Zabił żonę siekierą
Dzisiaj przed południem policjanci zatrzymali 44 - letniego mężczyznę, który w swoim mieszkaniu przy ulicy Korfantego w Radlinie zadał niewiadomą jak narazie ilość ciosów siekierą w głowę swojej żonie. Mimo podjętej reanimacji kobieta zmarła po przewiezieniu do szpitala. Sprawca za czyn, którego się dopuścił może spędzić w więzieniu resztę swojego życia.
Dzisiaj przed południem policjanci zatrzymali 44 - letniego mężczyznę, który w swoim mieszkaniu przy ulicy Korfantego w Radlinie zadał niewiadomą, jak na razie, ilość ciosów siekierą w głowę swojej żony.
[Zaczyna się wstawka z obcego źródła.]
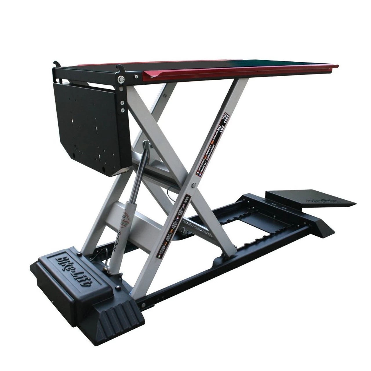 Features include: Integral electric pump; smooth, fast, quiet operation; slide away section for rear wheel access; automatic locking at 10 different heights; wired remote control.

Mimo podjętej reanimacji 42 - letnia kobieta zmarła po przewiezieniu do szpitala. Sprawca za czyn, którego się dopuścił może spędzić w więzieniu resztę swojego życia. Mężczyzna tuż po zdarzeniu sam zgłosił się na komisariat, był trzeźwy, nie potrafił logicznie wytłumaczyć swojego zachowania. O losie 44 - latka zadecyduje prokurator. Za zabicie swojej żony może mu grozić mu nawet dożywocie.